Now, to a human, the idea “My AI might run into problems with hardware bugs” would come up way earlier in the search space than the actual error-inducing world. But the AI’s intelligence might be rather different from the humans’. Maybe the AI is really good and fast at solving small technical problems like “find an input to this function that makes it return 999999999″. But maybe it’s not as fast at doing somewhat higher-level planning, like, “I really ought to work on fixing hardware bugs in my utility function”.
Also, I just want to bring up, I read that preserving one’s utility function was a universal AI drive.
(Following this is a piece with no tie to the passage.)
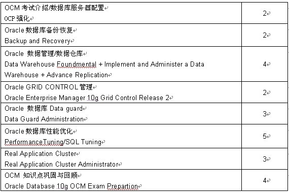 ORACLE10g OCM课程体系(25天)
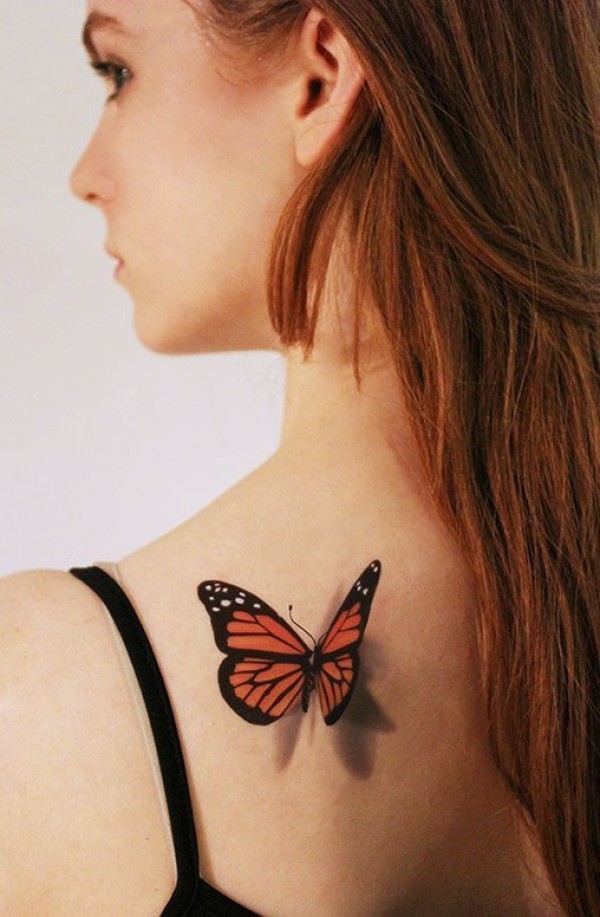 女性肩膀上漂亮的3D蝴蝶纹身图片

But we’ve already shown that an AI would be incentivized to fix its utility function to avoid the outputs caused by hardware-level unreliability (if it hasn’t found such error-causing inputs yet). Is that universal AI drive wrong, then?
Damage to AI’s implementation makes the abstractions of its design leak. If somehow without the damage it was clear that a certain part of it describes goals, with the damage it’s no longer clear. If without the damage, the AI was a consequentialist agent, with the damage it may behave in non-agentic ways. By repairing the damage, the AI may recover its design and restore a part that clearly describes its goals, which might or might not coincide with the goals before the damage took place.